Paseando por el casco histórico de Briones admiraremos unas espléndidas casonas blasonadas como manda la tradición y aún, hoy en día, podemos comprar vino cosechero en muchas de ellas.

Desde el año 2004, la villa cuenta además con el Museo de la Cultura del Vino, Dinastía Vivanco a las afueras del pueblo. En él se recogen todas las tradiciones ligadas al vino tanto agrícolas, religiosas como sociales. Anexa al museo está la propia bodega Dinastía Vivanco. Ambos edificios, Museo y bodega son visitables pero no tienen el encanto de las bodegas tradicionales y familiares que se pueden encontrar en numerosas casas de La Rioja.

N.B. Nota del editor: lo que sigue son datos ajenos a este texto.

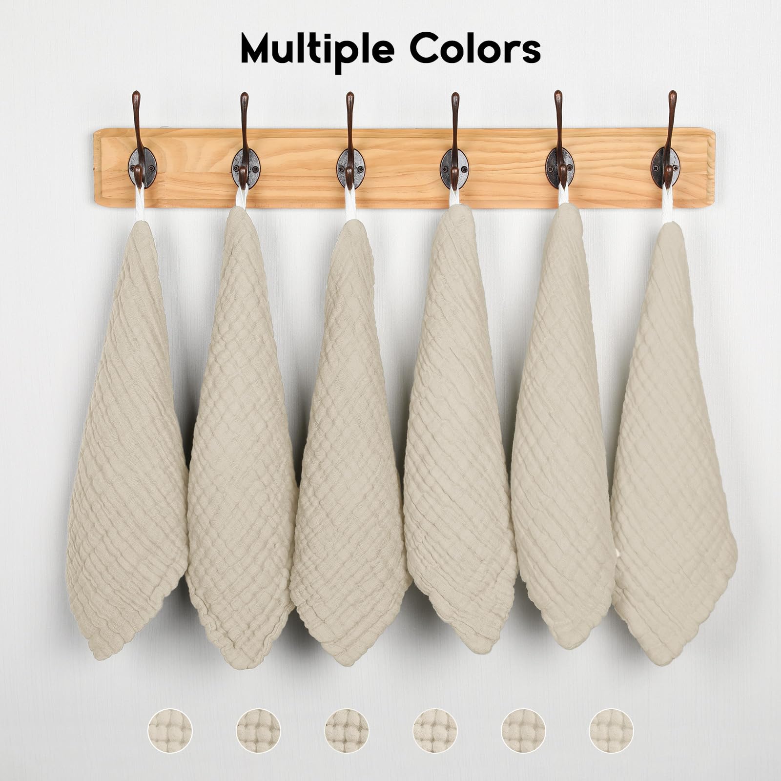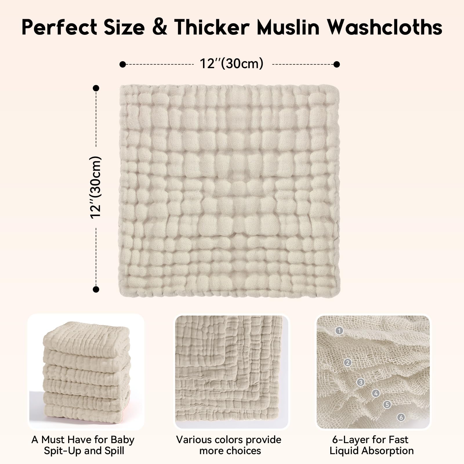 Pratical Design: The 6 pack baby muslin washcloths are thoughtfully designed in a generous size of 12"x12", offering a perfect balance between functionality and portability. Lanyard design make it easy to hang or dry, avoid germs accumulating. Reinforced edges make the muslin washcloths can withstand repeated washing while retaining its shape.

Por último, si me aceptáis una recomendación, no os marchéis de este bello lugar sin probar alguno de los guisos típicos de La Rioja como las patatas a la riojana o las carrilleras estofadas al vino tinto, que seguro no os dejarán indiferentes acompañadas, por supuesto, de un vino de Rioja si es posible elaborado en esta misma localidad que le dará un toque único y especial al menú. Nosotros comimos en Los Calaos de Briones, un restaurante emplazado en una bodega subterránea del siglo XVIII, que cuenta con una amplia carta de vinos y además es alojamiento rural al lado de la Plaza Mayor.
Por todo esto podemos decir que Briones es un pueblo "di vino".